A prediction interval, by contrast, is about an individual data point, not a sample statistic. It expresses the degree of uncertainty around a specific prediction from a model, say a linear regression. It is stated in the form “on average we can expect, say, 95% of our predicted values to fall in this interval.” A prediction interval will, naturally, be much wider than a confidence interval (which gets narrower and narrower as you take bigger samples).
A tolerance interval, like a prediction interval, is also about a single data point. It differs from a prediction interval in that we add a second quantification of uncertainty. In a prediction interval, the statement 0.25 “on average we can expect, say, 95% of our predicted values to fall in this interval” implies that half the time more than 95% of the predictions will fall in the interval, and half the time fewer than 95% of the predictions will fall in the interval. A tolerance interval quantifies that first part of the statement – i.e. it says, for example, “90% of the time 95% of the predictions will fall in the interval.” A tolerance interval in which that first uncertainty value is set to 50% is equivalent to a prediction interval.

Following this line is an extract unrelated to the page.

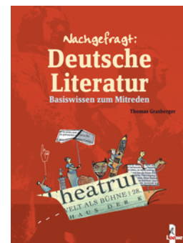
Guide to German Literature

A tolerance interval is not to be confused with manufacturing “tolerances,” which are statements about intervals within which we hope, expect or require some measurement to fall. They may have some relation to prior data (i.e. the organization would not want them to be totally unrelated to reality), but they are not calculated from ongoing process data.
Tom Ryan’s comprehensive text Modern Engineering Statistics covers these intervals in some detail. Tom developed and taught a number of courses with us at the Institute; he passed away in December, 2016.